### REQUIREMENT
Leaving out pictures, output exactly the lines below from the one that has "徐福记 法式薄饼 夹心饼干 花生味 休闲零食下午茶点心84g" through the one that has "最近,从国家税务总局官网查询", and nothing else.

### DATA FOR REVIEW
****

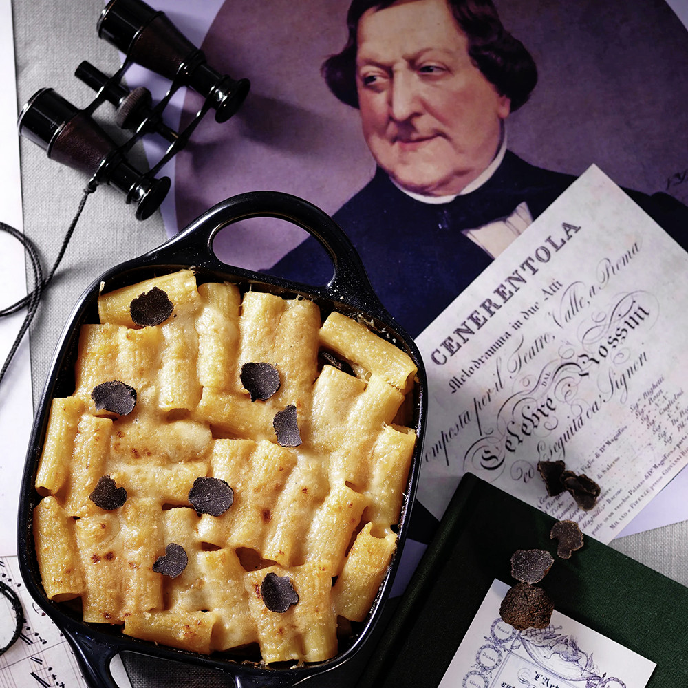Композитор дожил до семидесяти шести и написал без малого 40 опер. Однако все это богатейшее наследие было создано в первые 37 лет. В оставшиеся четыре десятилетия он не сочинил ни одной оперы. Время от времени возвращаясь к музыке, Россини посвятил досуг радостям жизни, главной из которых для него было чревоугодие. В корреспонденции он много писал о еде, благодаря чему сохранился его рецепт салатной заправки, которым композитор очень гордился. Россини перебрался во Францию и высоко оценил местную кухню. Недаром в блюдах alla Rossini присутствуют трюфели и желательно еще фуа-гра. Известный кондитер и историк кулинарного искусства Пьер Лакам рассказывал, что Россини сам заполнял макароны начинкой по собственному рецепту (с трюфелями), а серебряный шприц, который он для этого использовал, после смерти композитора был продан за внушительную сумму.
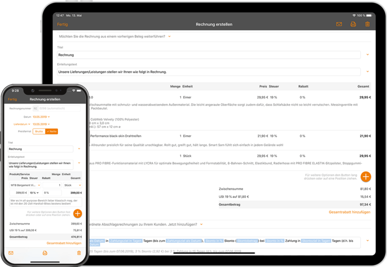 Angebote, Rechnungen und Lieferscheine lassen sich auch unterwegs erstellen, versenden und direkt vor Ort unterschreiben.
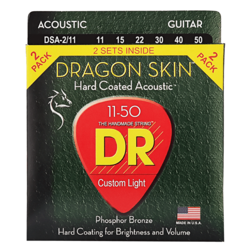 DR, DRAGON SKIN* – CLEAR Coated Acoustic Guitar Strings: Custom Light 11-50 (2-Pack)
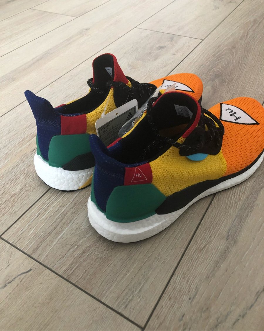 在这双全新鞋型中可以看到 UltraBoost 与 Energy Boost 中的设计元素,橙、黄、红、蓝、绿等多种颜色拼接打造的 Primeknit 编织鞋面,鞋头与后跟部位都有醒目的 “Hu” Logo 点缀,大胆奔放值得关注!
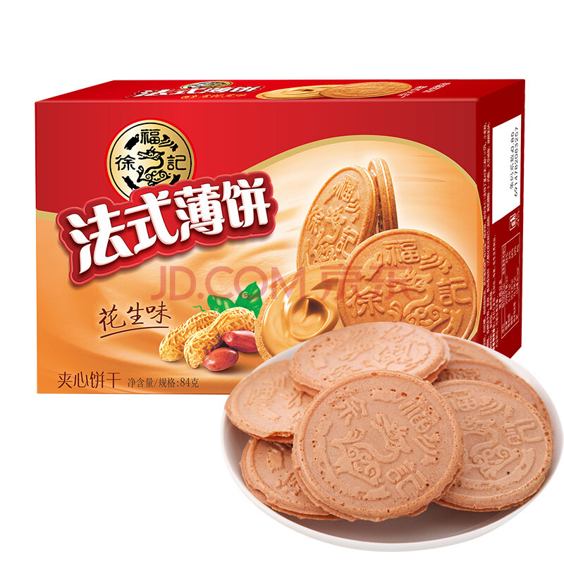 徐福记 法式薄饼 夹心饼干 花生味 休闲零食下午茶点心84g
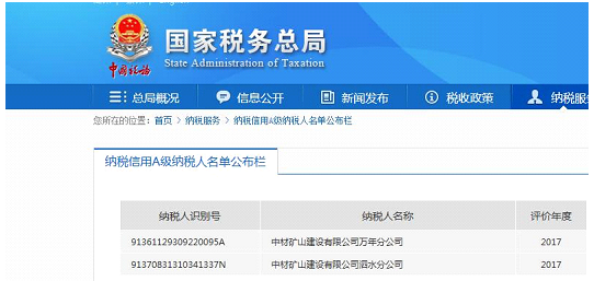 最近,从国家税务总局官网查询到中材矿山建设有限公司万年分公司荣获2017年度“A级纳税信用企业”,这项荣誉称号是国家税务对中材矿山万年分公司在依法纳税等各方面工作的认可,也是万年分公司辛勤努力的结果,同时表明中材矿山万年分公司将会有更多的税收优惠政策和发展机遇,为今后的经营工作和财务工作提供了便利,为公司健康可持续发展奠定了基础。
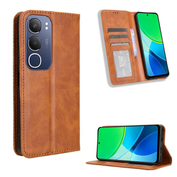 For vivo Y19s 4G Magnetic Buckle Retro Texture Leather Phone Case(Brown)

****

### COMPLETED EXERCISE
 徐福记 法式薄饼 夹心饼干 花生味 休闲零食下午茶点心84g
 最近,从国家税务总局官网查询到中材矿山建设有限公司万年分公司荣获2017年度“A级纳税信用企业”,这项荣誉称号是国家税务对中材矿山万年分公司在依法纳税等各方面工作的认可,也是万年分公司辛勤努力的结果,同时表明中材矿山万年分公司将会有更多的税收优惠政策和发展机遇,为今后的经营工作和财务工作提供了便利,为公司健康可持续发展奠定了基础。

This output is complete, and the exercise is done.